Task data.

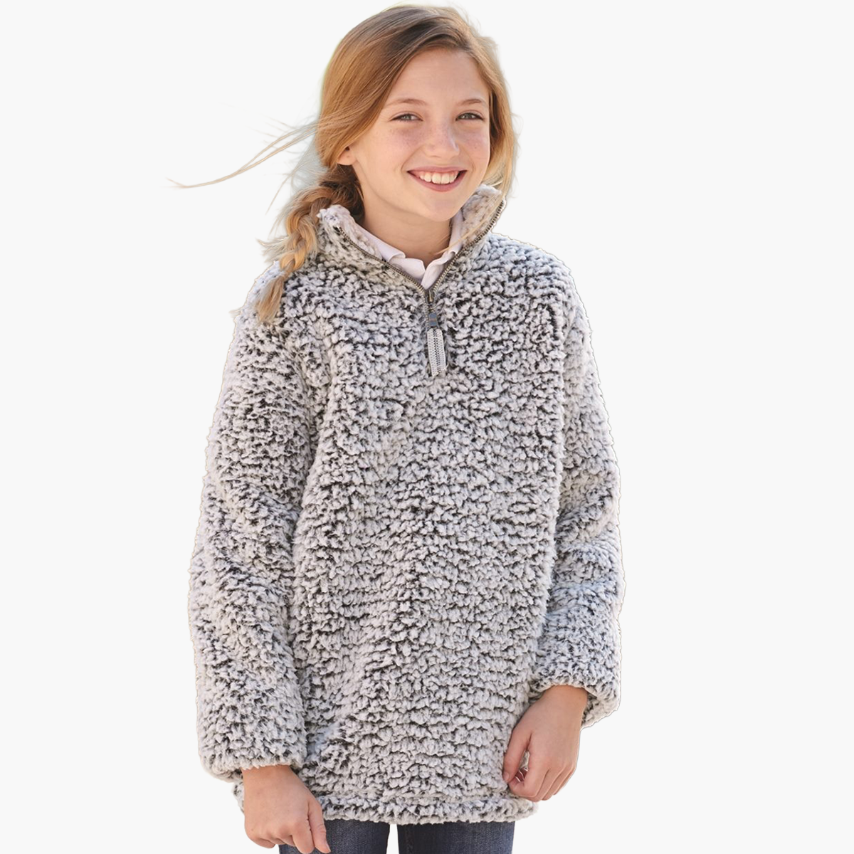 J-America Youth Epic Sherpa Quarter Zip. 9.0oz High loft 100% Polyester Sherpa. 1/4 Zip placket & self fabric collar. Set-in sleeves and sideseam waist vents
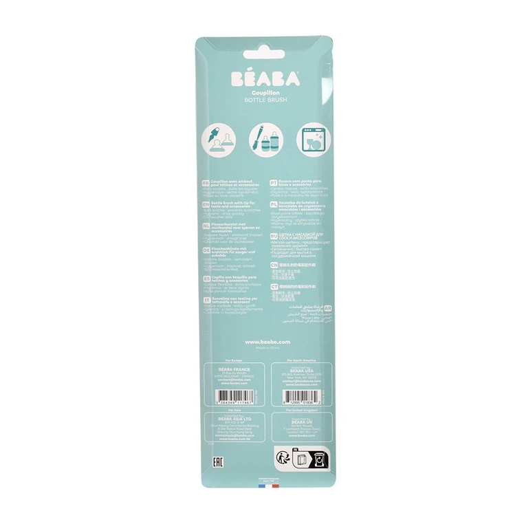 Szczotka dostępna jest w odcieniu Sage Green. Możesz skompletować zestaw z innymi akcesoriami Beaba w tym samym kolorze, tworząc spójny i estetyczny zestaw do pielęgnacji niemowlęcia.
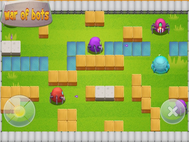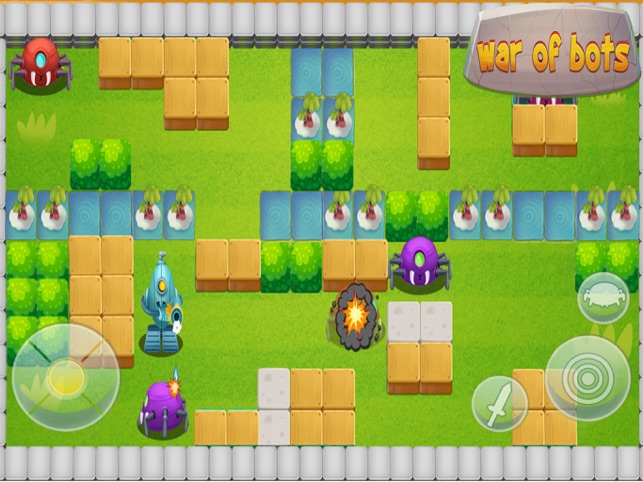 操作方法:点击屏幕左下角的方向键控制机器人移动,点击右下角的发射键发射子弹。
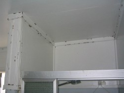 Initially the marks above this shower (and indeed around the rest of the bathroom) looked like mould, but once you stepped inside it became apparent that termites resided there!
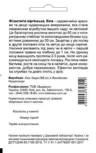 Фізостегія віргінська, біла – надзвичайно красива та дещо чудернацька американка, яка стане незамінним атрибутом вашого саду чи квітника! Це багаторічна рослина висотою до 60 см з чотиригранним стеблом та колосовидними білими суцвіттями довжиною до 30см. Зацвітає у рік посіву в другій половині літа та квітує до кінця серпня. Насіння висівають під зиму чи в квітні – першій половині травня на глибину до 1см. На одному місці вирощують протягом 2-3 років, після чого рекомендується омолодити посадку. Рослина невибаглива, росте на сонці та в напівтіні, дуже конкурентна, добре перезимовує. Ефектно виглядає на клумбах та довго стоїть у зрізі.
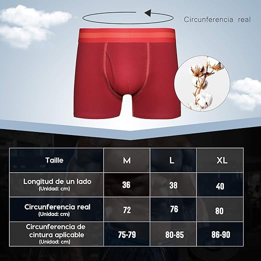 El pack incluye cuatro pares de bóxers en colores diferentes: 2 negros, 2 azules, 2 grises y 2 rojos, para que no te aburras de llevar siempre el mismo tono. Todos cuentan con diseño anatómico 3D con tela doble, que ofrece buena sujeción, permiten una total transpirabilidad y son muy cómodos.
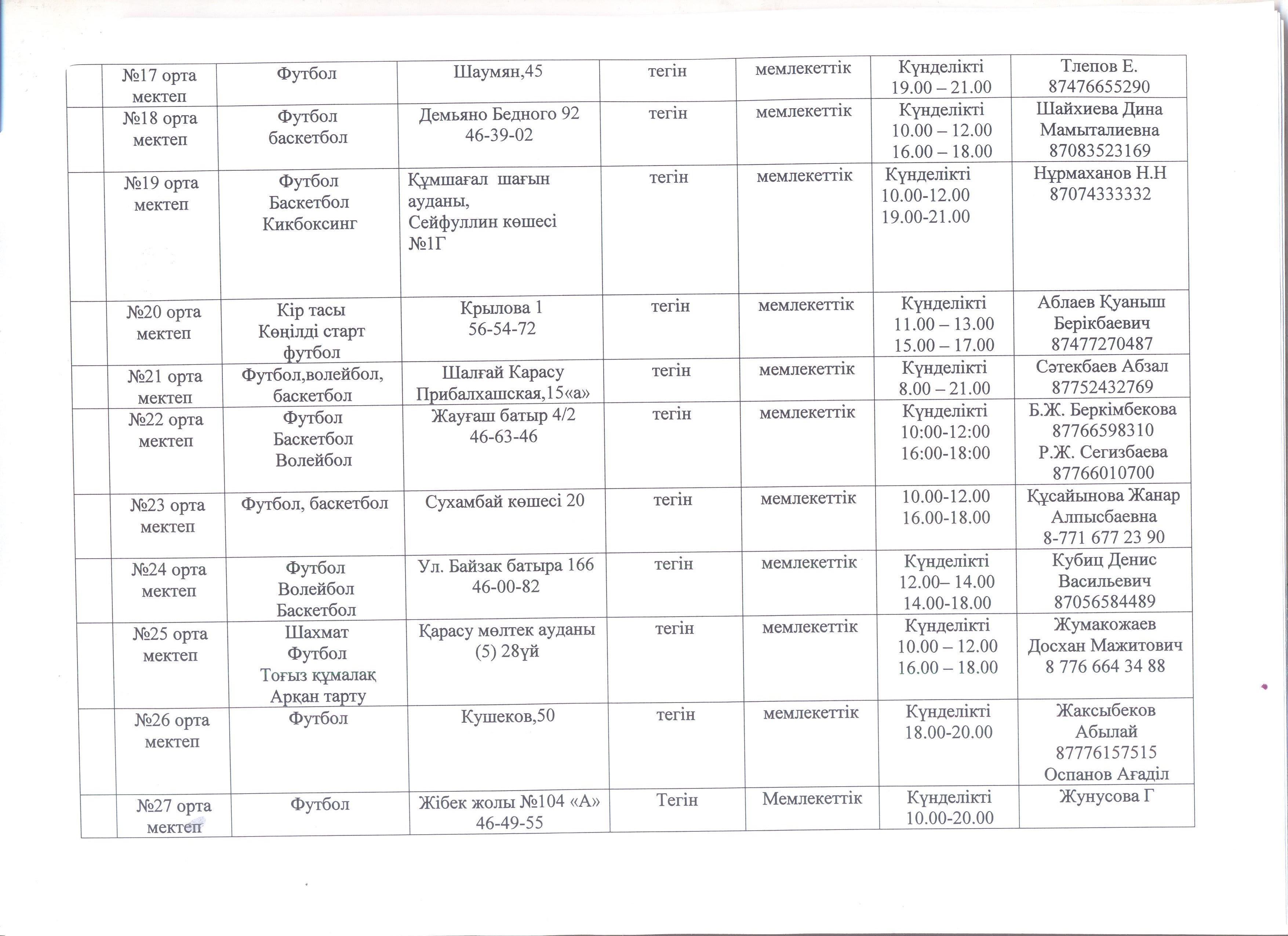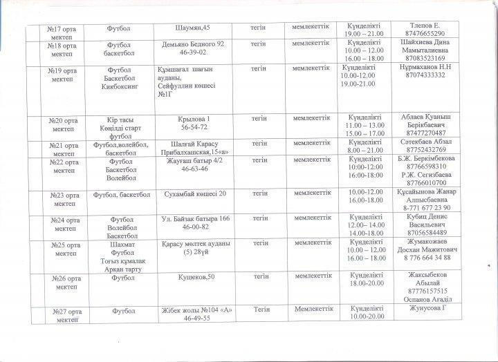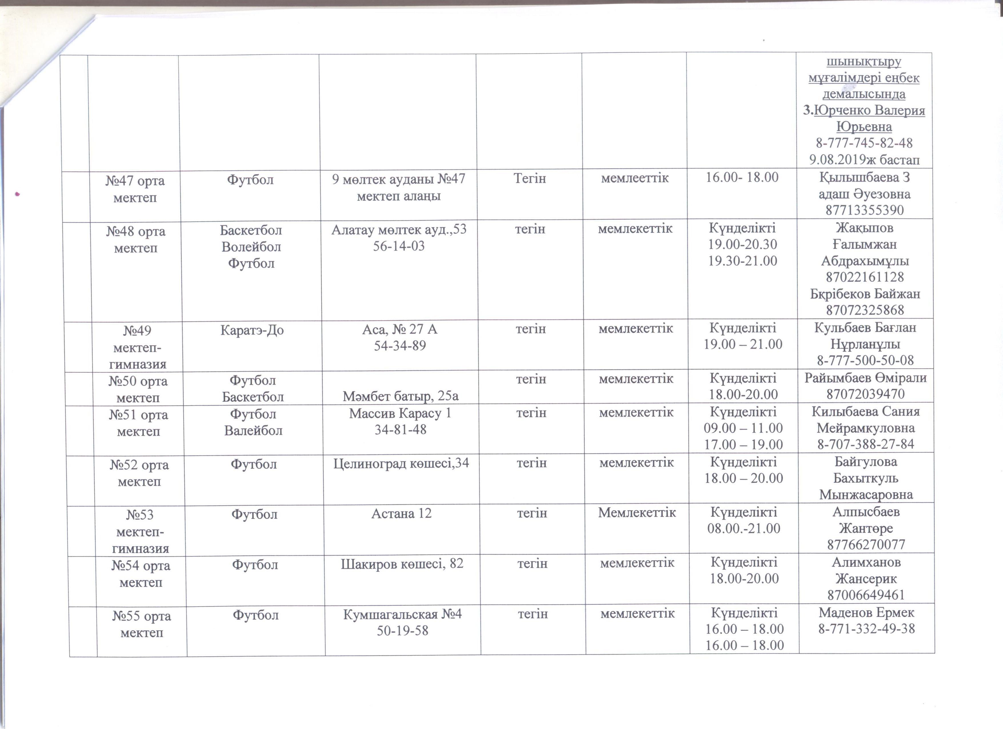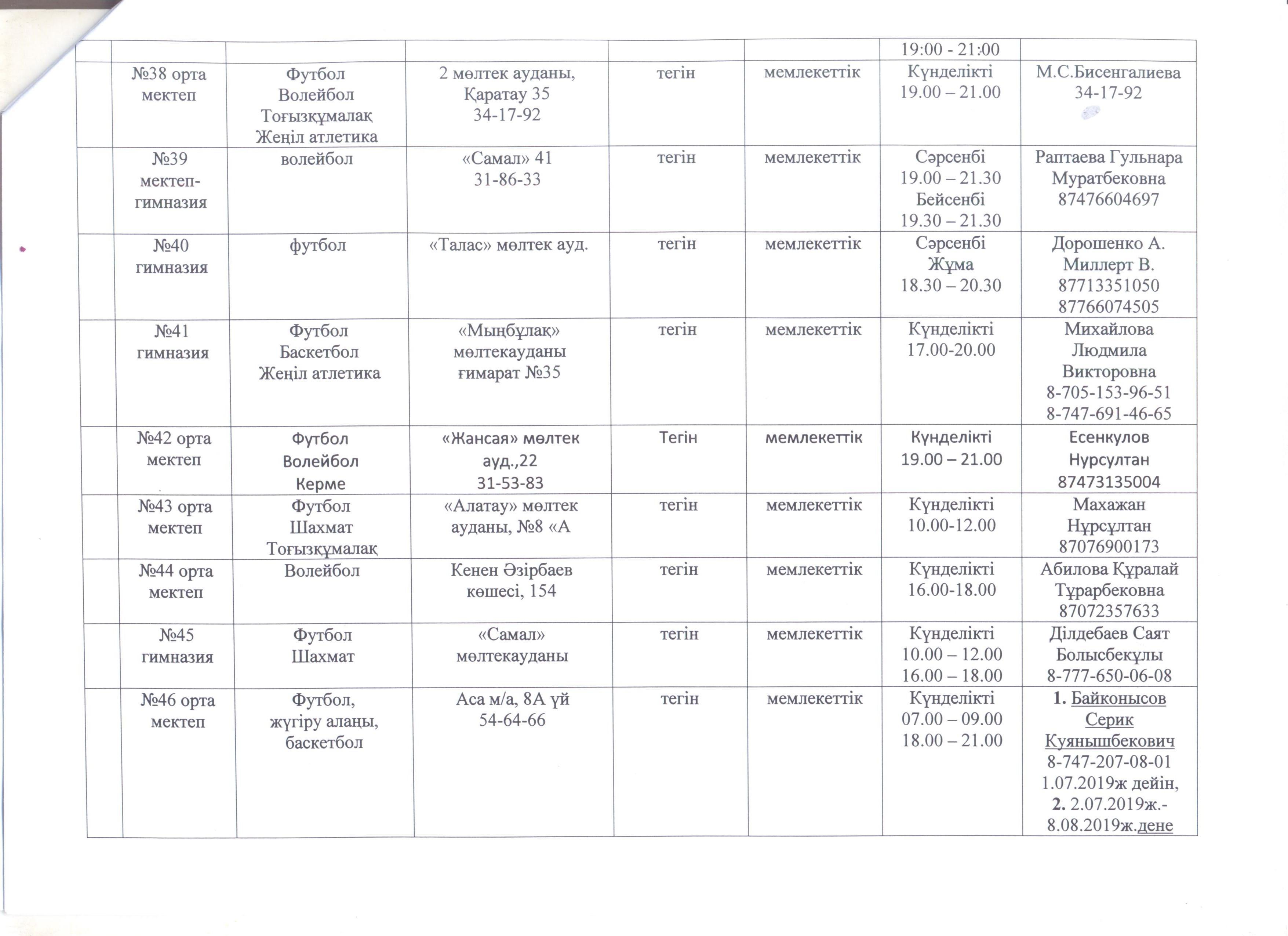 17 маусым 2019 0 1 2 3 4 5 Спорт нысанының тұрғындарға қолжетілімділігі бойынша Білім беру мекемелерінде орналасқан спорт алаңшаларының тұрғындарға қол жетімді болуын қамтамассыз ету мақсатында мектебімізде маусым-тамыз айларына арналған жұмыс кестесі

Problem description.
Once the pictures are set aside, what is needed is the lines from the line with "操作方法:点击屏幕左下角的方向键控制机器人移动,点击右下角的发射键发射子弹。" through the end of the data, written out exactly and alone.

Expected output.
 操作方法:点击屏幕左下角的方向键控制机器人移动,点击右下角的发射键发射子弹。
 Initially the marks above this shower (and indeed around the rest of the bathroom) looked like mould, but once you stepped inside it became apparent that termites resided there!
 Фізостегія віргінська, біла – надзвичайно красива та дещо чудернацька американка, яка стане незамінним атрибутом вашого саду чи квітника! Це багаторічна рослина висотою до 60 см з чотиригранним стеблом та колосовидними білими суцвіттями довжиною до 30см. Зацвітає у рік посіву в другій половині літа та квітує до кінця серпня. Насіння висівають під зиму чи в квітні – першій половині травня на глибину до 1см. На одному місці вирощують протягом 2-3 років, після чого рекомендується омолодити посадку. Рослина невибаглива, росте на сонці та в напівтіні, дуже конкурентна, добре перезимовує. Ефектно виглядає на клумбах та довго стоїть у зрізі.
 El pack incluye cuatro pares de bóxers en colores diferentes: 2 negros, 2 azules, 2 grises y 2 rojos, para que no te aburras de llevar siempre el mismo tono. Todos cuentan con diseño anatómico 3D con tela doble, que ofrece buena sujeción, permiten una total transpirabilidad y son muy cómodos.
 17 маусым 2019 0 1 2 3 4 5 Спорт нысанының тұрғындарға қолжетілімділігі бойынша Білім беру мекемелерінде орналасқан спорт алаңшаларының тұрғындарға қол жетімді болуын қамтамассыз ету мақсатында мектебімізде маусым-тамыз айларына арналған жұмыс кестесі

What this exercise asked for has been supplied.